I mixed up my readings today for a little variety. Most of the time when I have read through the Bible in a year I did not go through it sequentially. I would write a list of the book names on a sheet of paper and then plan on reading 4 chapters a day. I would jump around from Old and New Testament back and forth often pairing books that I don't like as much with ones that I do. Such as pairing Leviticus with Hebrews or one of the gospels. If you read about 4 chapters a day of the Bible you should get through it in a year even with missing some days.
My present challenge is to read through the New Testament in February. So, today I did Luke 7-9 and then read 1 John, 2 John and 3 John. I've always loved the personal way that John writes and the way he emphasizes walking in love and living out your example.
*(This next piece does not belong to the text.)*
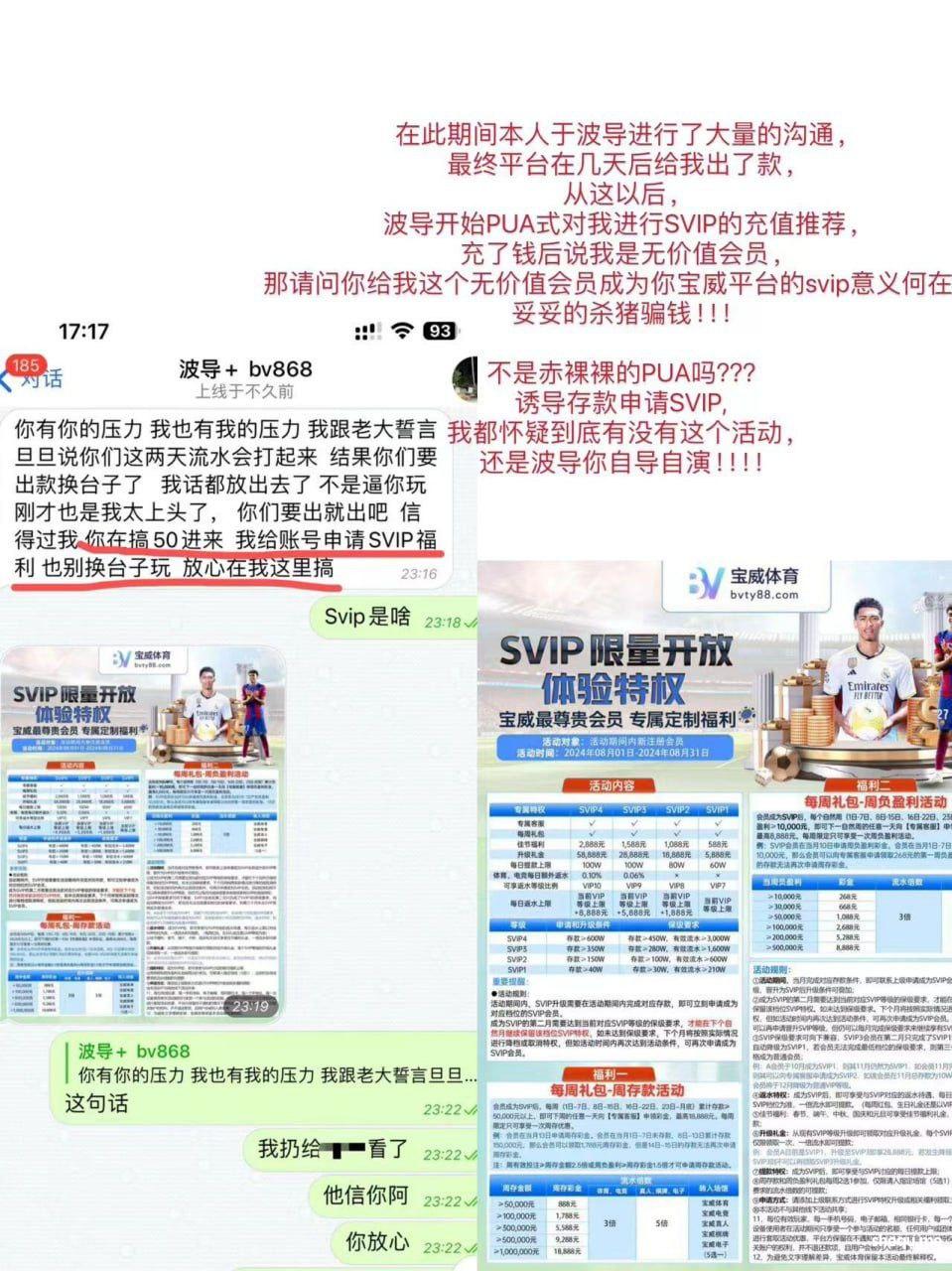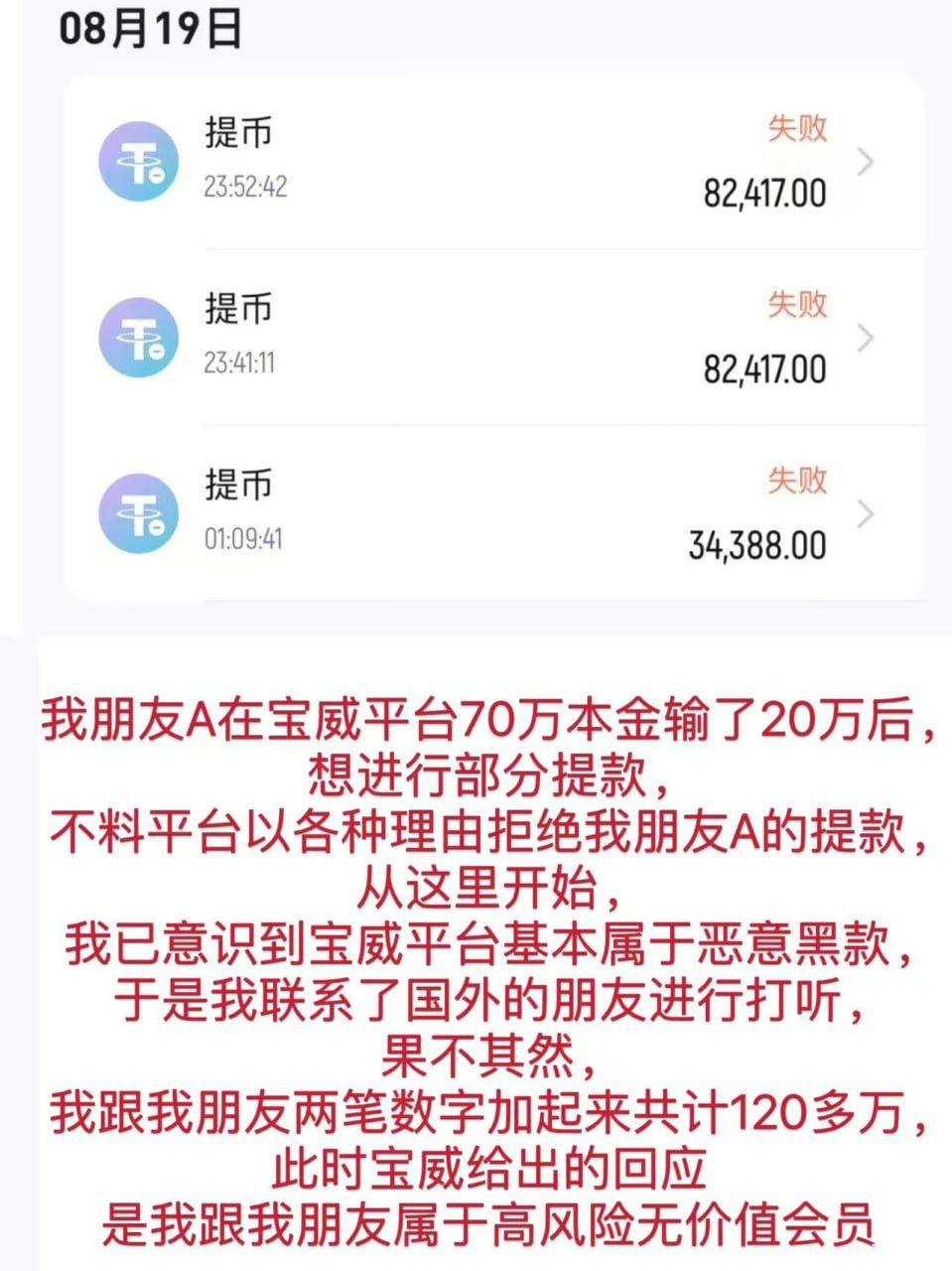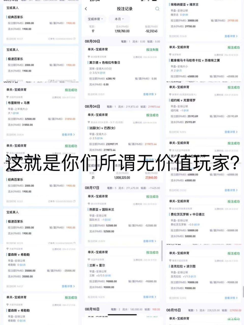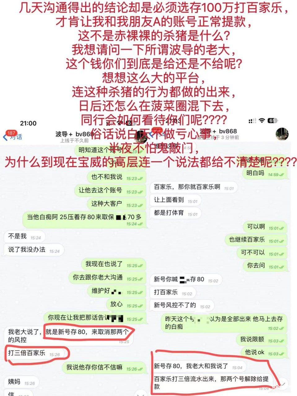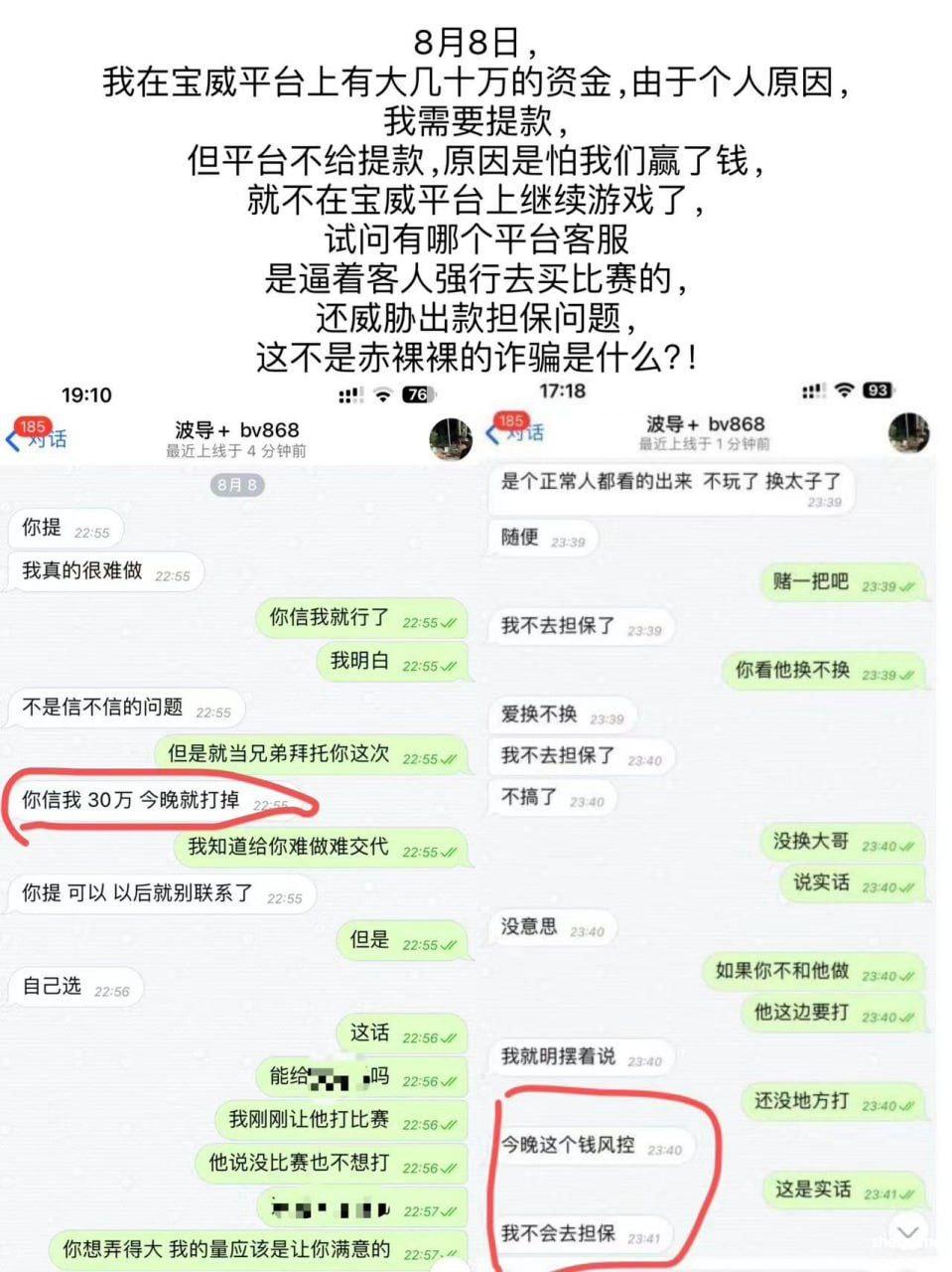 故事的起因在今年3月份,本人经过朋友推荐认识一个宝威平台名叫波导的代理,欧洲杯期间由于一开始上下分都非常正常,并且波导给我大量的平台优惠政策,想我投注量流水更大,当时本人觉得对自己来说无伤大雅,所以就按照他的要求对宝威平台进行充值。 建立在信任宝威平台的前提下,我加大了投注量,但从7月份开始,平台开始找各种理由借口拖延提款的时间,但好在名为波导的高管,都会在第一时间及时处理这些问题,并且得到了有效的解决,导致我越来越信任他,且进行了大金额充值,从而慢慢的掉入宝威精心谋划的陷阱....
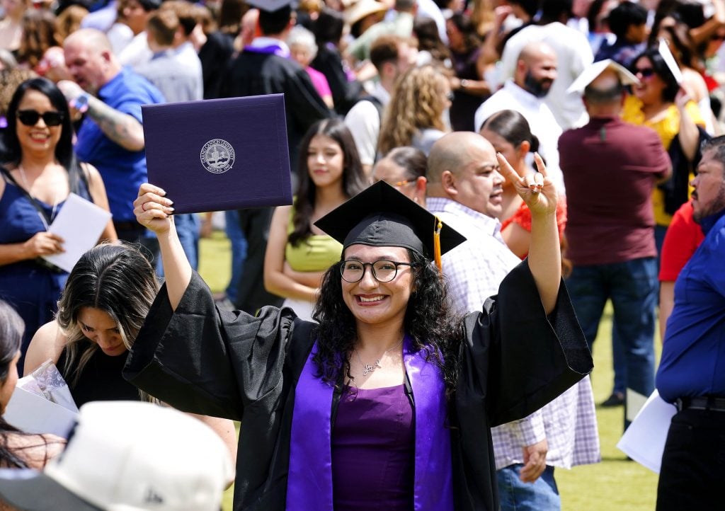 A graduate gives a Lopes Up as she shows off her diploma on the Quad following the Thursday morning commencement ceremony at Global Credit Union Arena on April 23, 2026. -

One of the passages that stood out to me today is in Luke 7:40-50.
Jesus goes to the home of Simon who was a Pharisee because he has been invited to a dinner. In those days, dinner would be eaten in a reclining position with Jesus' feet behind him. A woman enters the room soon after Jesus and in tears wets his feet and anoints him with fragrances and wipes his feet with her hair while kissing his feet. Simon responds to this by being indignant because he says that she is a sinner (probably a prostitute). How Simon knows this is up for some speculation. Maybe he's been a customer?
Jesus replies that while Simon offered no water for his feet she has wet his feet with her tears. While Simon offered no kiss, she has been kissing his feet. While he offered no anointing, she anointed his feet with costly perfume. Then he says in verse 47 "he who is forgiven little loves little." I think this is exactly what the gospel is really all about. After all, the most important commandment of the gospels is to love God and then to go love others. And one of the reasons that we love God is because we realize the sacrifice that he made for us and that he loved us first. We realize that we have been forgiven a debt that there was no way in heaven and earth we could repay. John says this also in John 4:9-10
"By this the love of God was manifested in us, that God has sent His only begotten Son into the world so that we might live through Him. In this is love, not that we loved God, but that He loved us and sent His Son to be the propitiation for our sins."